Saving School Dollars with Free Software
Besides teaching English and history, I'm also a technology mentor, and I can't tell you how many hairs I've pulled while watching administrators sink tens or hundreds of thousands of dollars into software that they can get for freaking free. Case in point: Blackboard, the e-learning software, costs upwards of $50,000, and does things no better (and arguably worse) than the Free Open-Source Software ("FOSS") called Moodle. Choosing Moodle saves one teacher salary right there.
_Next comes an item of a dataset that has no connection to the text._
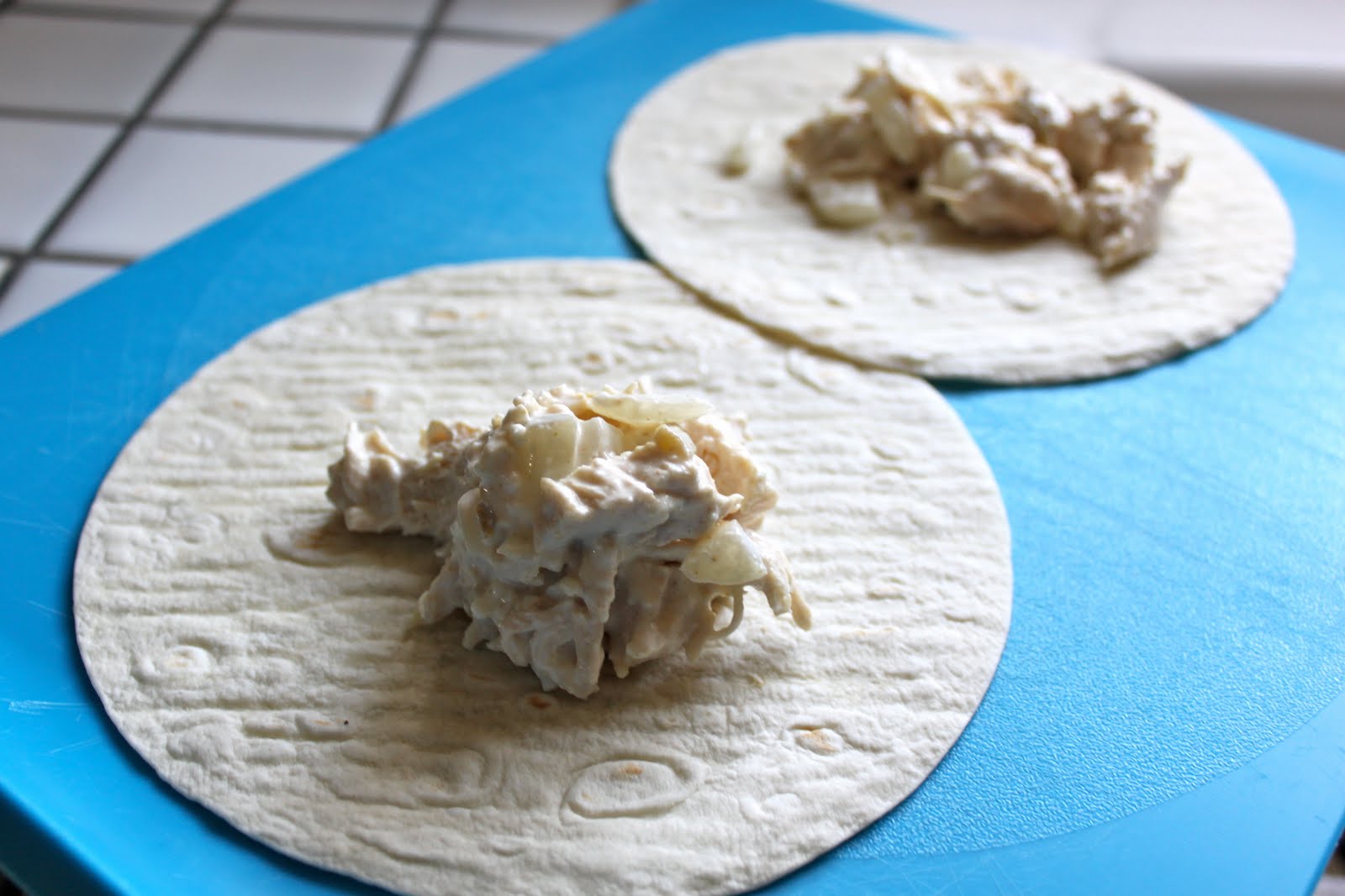 - Place 3-4 tablespoons of the chicken mixture in the middle of each tortilla and roll up.

That's just the tip of the iceberg.
Instead of paying for Microsoft Office, download Open Office for free. It's compatible with MS Office, so there's no cross-platform barriers. From document creation á la Word to presentations á la Powerpoint to spreadsheets á la Excel, Open Office does it all.
Want more? Instead of the ridiculously expensive Adobe Photoshop, try the free open-source Gimp and Gimp Animation. It doesn't stop there. Free software for administration, IT departments, anti-virus protection, math and science and foreign language teachers, audio and video editing and playback, and more is out there too - all thanks to the FOSS community. See these monster lists of FOSS offerings for more: For Windows/PC, here, here, and here. For Macs, see here, here, and here. For background on the FOSS movement, this Wikipedia entry serves admirably.
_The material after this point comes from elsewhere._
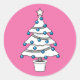 Uma ilustração de uma elegante árvore de Natal branca e chique com muitas bolas azuis penduradas em fundo rosa. Esta design é para pessoas que amam o Natal, dando presentes e presentes.

Knowledge is power - especially in the hands of administrators having to make tough budget choices. Help yours by giving them the knowledge to save dollars, without losing resources. And ask them to support FOSS by donating a small percentage of their savings to the development communities of the software they adopt.
What about you? Any other smart budgeting angles you can share?
Image by Chris Campbell
Thanks to Harold Jarche, djteach, Nathan Rein, S.P. Greenlaw,
and Adrian Bruce for the link-sharing Twitter-assists!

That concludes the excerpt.